Aim of the task:
Write out the whole listing exactly as it is written below.
----- Given data -----
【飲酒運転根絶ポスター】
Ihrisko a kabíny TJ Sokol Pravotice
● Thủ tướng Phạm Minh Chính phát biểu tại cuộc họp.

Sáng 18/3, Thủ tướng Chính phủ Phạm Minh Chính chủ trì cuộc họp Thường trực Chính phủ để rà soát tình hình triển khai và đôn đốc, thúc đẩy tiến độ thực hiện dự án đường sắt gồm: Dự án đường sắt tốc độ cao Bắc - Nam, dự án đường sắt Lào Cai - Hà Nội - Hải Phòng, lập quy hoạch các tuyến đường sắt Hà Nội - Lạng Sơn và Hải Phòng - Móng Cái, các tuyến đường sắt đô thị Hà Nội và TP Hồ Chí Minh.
-----
Exercise result:
【飲酒運転根絶ポスター】
Ihrisko a kabíny TJ Sokol Pravotice
● Thủ tướng Phạm Minh Chính phát biểu tại cuộc họp.

Sáng 18/3, Thủ tướng Chính phủ Phạm Minh Chính chủ trì cuộc họp Thường trực Chính phủ để rà soát tình hình triển khai và đôn đốc, thúc đẩy tiến độ thực hiện dự án đường sắt gồm: Dự án đường sắt tốc độ cao Bắc - Nam, dự án đường sắt Lào Cai - Hà Nội - Hải Phòng, lập quy hoạch các tuyến đường sắt Hà Nội - Lạng Sơn và Hải Phòng - Móng Cái, các tuyến đường sắt đô thị Hà Nội và TP Hồ Chí Minh.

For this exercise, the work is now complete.